[英]Explicitly, how can I get s3fs to open a gz file in AWS? Glue/S3
Using AWS glue and AWS s3 and s3fs, I've come up with the following (among other attempts).使用 AWS 胶水和 AWS s3 和 s3fs,我想出了以下(以及其他尝试)。 I even see the examples at https://s3fs.readthedocs.io/en/latest/ but they're not getting me there.

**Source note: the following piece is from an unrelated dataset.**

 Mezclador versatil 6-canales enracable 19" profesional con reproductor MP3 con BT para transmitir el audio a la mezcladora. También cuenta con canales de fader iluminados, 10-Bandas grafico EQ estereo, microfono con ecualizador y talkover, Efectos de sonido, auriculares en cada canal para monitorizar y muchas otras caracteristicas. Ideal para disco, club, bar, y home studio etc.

我什至在https://s3fs.readthedocs.io/en/latest/上看到了示例,但它们并没有让我到达那里。
key = 'https://s3.console.aws.amazon.com/s3/buckets/datalake-sbox-landing-55555-us-weast/cloudwatch_logs/prod-coarsair/dt%267D2019-09-11/144221-3837-462d-a2e6-ba300/coarsair-coarsair-144221-3837-462d-a2e6-ba300/000000.gz' s3 = s3fs.S3FileSystem() with s3.open(key, 'r') as f: args_gz_file = f
Then it should be as easy as typing "args_gz_file" now, right?那么现在应该像输入“args_gz_file”一样简单,对吧? Nope.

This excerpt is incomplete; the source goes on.